Training a Neural Network to play Ratchet & Clank

Training a Neural Network to play Ratchet & Clank - FAQ in vid description

Рет қаралды 1,292

Күн бұрын

You can also watch on Twitch: / bordplate
This is a neural network learning to play Ratchet
& Clank through Reinforcement Learning.
The goal is to finish the Fitness Course on Kerwan.
It's built on a technique known as PPO (Proximal
Policy Optimization).
The agent gets information about Ratchet's position,
state, and more. Additionally, there are 64 raycasts
shooting from the camera to provide depth and terrain
information.
The agent can freely move both joysticks and
use R1, Square and Cross.
You can join the Boltcrate Discord server for discussions about this: / discord
See training stats here: wandb.ai/bordp...
Source code: github.com/bor...
Frequently Asked Questions:
* Has it finished Veldin and Novalis before this?
No, I've made other similar projects to do the hoverboard race on Rilgar and the Vidcomics in Ratchet 3. This one started here with the sole goal of getting to the end of the fitness course.
* Are you going to have it play other levels later?
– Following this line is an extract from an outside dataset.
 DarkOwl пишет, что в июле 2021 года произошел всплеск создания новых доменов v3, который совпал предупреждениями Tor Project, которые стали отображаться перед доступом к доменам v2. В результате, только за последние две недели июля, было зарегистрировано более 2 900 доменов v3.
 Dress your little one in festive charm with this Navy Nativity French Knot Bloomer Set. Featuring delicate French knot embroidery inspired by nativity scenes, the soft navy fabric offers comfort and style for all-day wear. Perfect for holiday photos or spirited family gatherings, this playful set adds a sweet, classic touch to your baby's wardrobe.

After this one has learned the fitness course, I'm planning on moving over to Ratchet 3 instead. I'm not sure exactly what I'll have it learn in the game, but I'm considering something with multiplayer or arena challenges.
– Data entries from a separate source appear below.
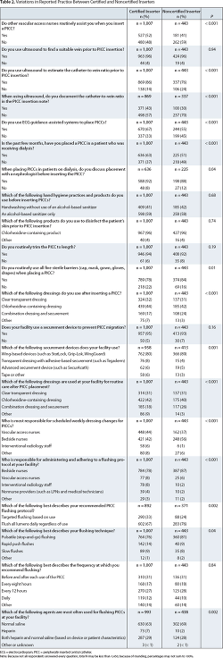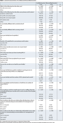 Study purpose. Understanding whether and how certification might affect PICC practices and outcomes is critical to informing policy and improving patient safety. Using data from a national survey of vascular access specialists, we compared the characteristics of certified PICC inserters to those of noncertified inserters. Our objective was to gather information regarding whether and how certified and noncertified PICC inserters differ with respect to their practices and views about PICC use. We hypothesized that, compared with noncertified inserters, certified inserters would report having greater experience and would be more likely to work in leadership positions. We also hypothesized that certified inserters would report greater use of evidence-based practices.
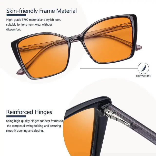 ^^ TR90 Material & Spring Hinges - The frame of TR90 material is not only unbreakable but also lightweight and flexible, making it comfortable and safe to wear for extended periods. The spring hinges ensure a perfect fit for all face shapes. ^^ Relief for Eye Strain and Fatigue - Engineered to combat eye strain, headaches, and fatigue from long hours on digital devices, these Orange-tinted glasses help your eyes focus and relax, reducing digital screen impact for more comfortable usage.
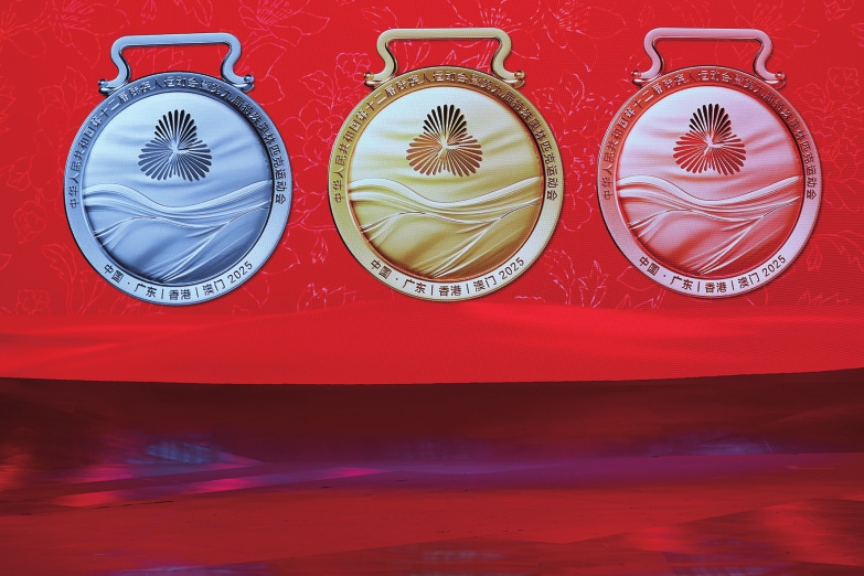 殘?zhí)貖W會(huì)獎(jiǎng)牌“同心暖”也揭開面紗。獎(jiǎng)牌頂端掛鉤采用嶺南特色“鑊耳屋”造型,獎(jiǎng)牌正面鐫刻會(huì)徽和連綿海浪紋,背面以港珠澳大橋?yàn)楸尘埃槲镏腥A白海豚浮雕高擎火炬,并附有盲文,讓視障運(yùn)動(dòng)員能夠親手觸摸這份榮耀。
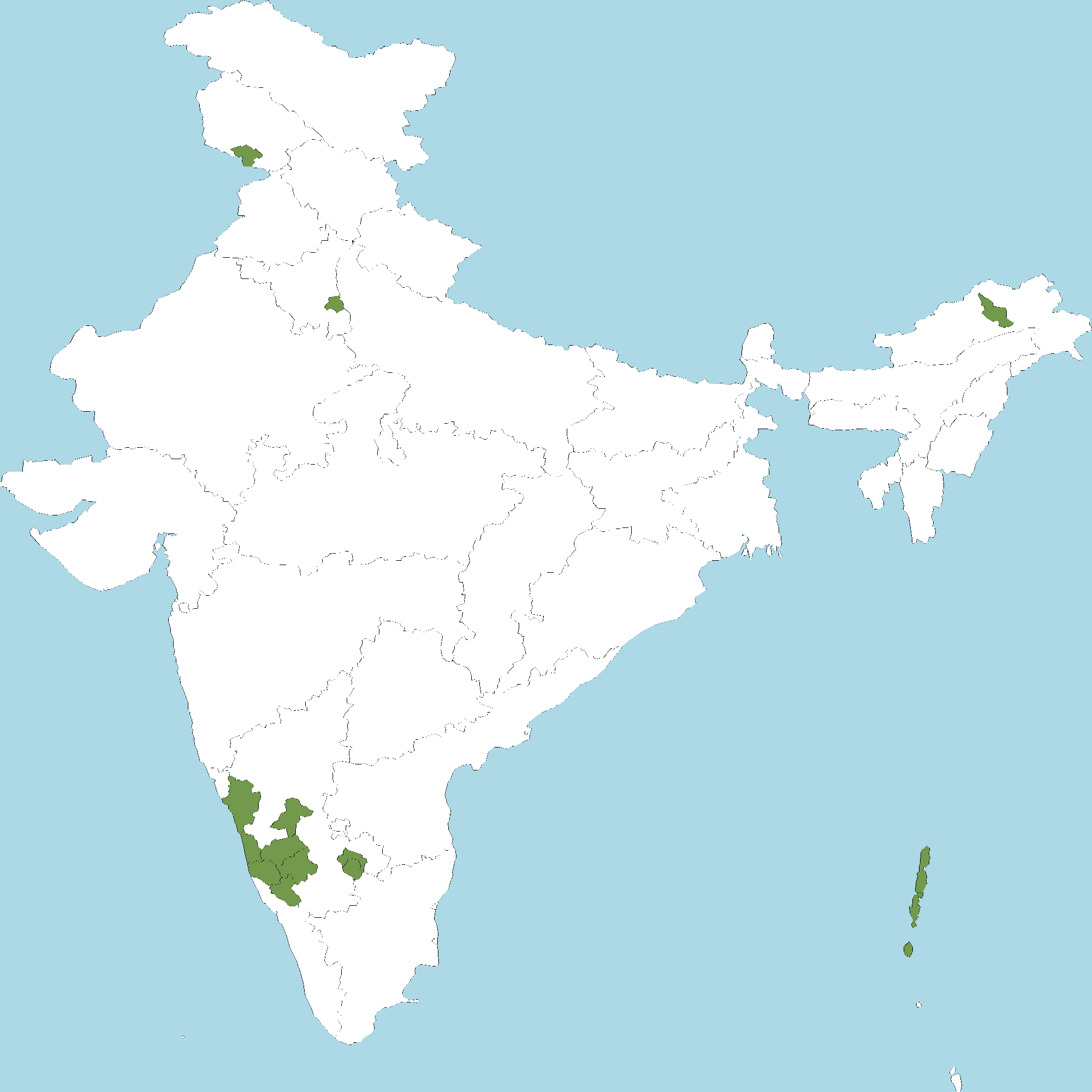 - Karnataka : Hassan district, Chikkamagaluru district, Bengaluru Urban district, Bengaluru Rural district, Kodagu (Coorg) district, Udupi district, Uttara Kannada district, Davanagere district, Dakshina Kannada district
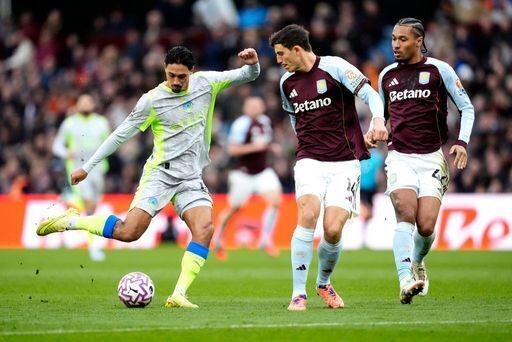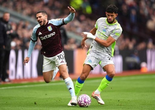 Momen Tijjani Reijnders mencoba menendang bola namun dihalangi oleh dua bek Aston Villa, ketika melawan Aston Villa dalam lanjutan Premier League, Minggu 26 Oktober 2025---Getty Images

* Why don't you remove square as an action? Wouldn't that make it easier for it to learn?
Yes, but there are many good reasons to keep it around. Most of the time when you see it spam square it's because of a technical problem with the learning process. It should easily be able to learn not to spam square, so it serves as an indicator of how well the learning process works. There are also some situations where it could be beneficial for it to use square, and so I want to see if it is able to learn that.
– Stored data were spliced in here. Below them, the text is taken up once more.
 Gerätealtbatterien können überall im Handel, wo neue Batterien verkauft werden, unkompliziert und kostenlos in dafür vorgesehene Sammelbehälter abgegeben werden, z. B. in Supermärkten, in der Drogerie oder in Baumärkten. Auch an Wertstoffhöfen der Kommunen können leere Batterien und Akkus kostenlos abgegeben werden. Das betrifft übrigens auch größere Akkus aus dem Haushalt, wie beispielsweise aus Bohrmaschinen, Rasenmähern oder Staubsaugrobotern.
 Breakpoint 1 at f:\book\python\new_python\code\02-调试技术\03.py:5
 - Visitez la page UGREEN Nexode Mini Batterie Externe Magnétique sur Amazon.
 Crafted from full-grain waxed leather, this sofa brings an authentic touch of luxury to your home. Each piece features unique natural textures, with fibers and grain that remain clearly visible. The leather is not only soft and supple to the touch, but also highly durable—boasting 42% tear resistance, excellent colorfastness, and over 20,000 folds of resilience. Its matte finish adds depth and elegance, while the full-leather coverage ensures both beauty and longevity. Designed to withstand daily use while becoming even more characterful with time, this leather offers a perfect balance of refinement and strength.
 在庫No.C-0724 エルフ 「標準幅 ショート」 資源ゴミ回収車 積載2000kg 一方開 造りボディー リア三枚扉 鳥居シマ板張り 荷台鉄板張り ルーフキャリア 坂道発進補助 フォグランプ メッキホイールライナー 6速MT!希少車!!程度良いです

* Why is it teleporting around?
There's a 30 second countdown that resets when it gets to the next checkpoint which is represented as the purple line at the top of the screen. When its time is up, it has to reset from the start. However, there's a 25% chance it spawns at a random location on Kerwan. This is to have variety in the training data, it's a good way to make it generalize more than just starting the same every time. The background agents spawn randomly across the map 70% of the time.
* Are there more instances of the game running in the background?
Yes. There are 2 instances running in the background, which run just below 4x speed. These run with significantly more randomness added to their actions to encourage exploration. The agent we see on the stream does not contribute to learning, due to technical reasons I haven't gotten around to fix.
* What are the giant transparent spinning crates?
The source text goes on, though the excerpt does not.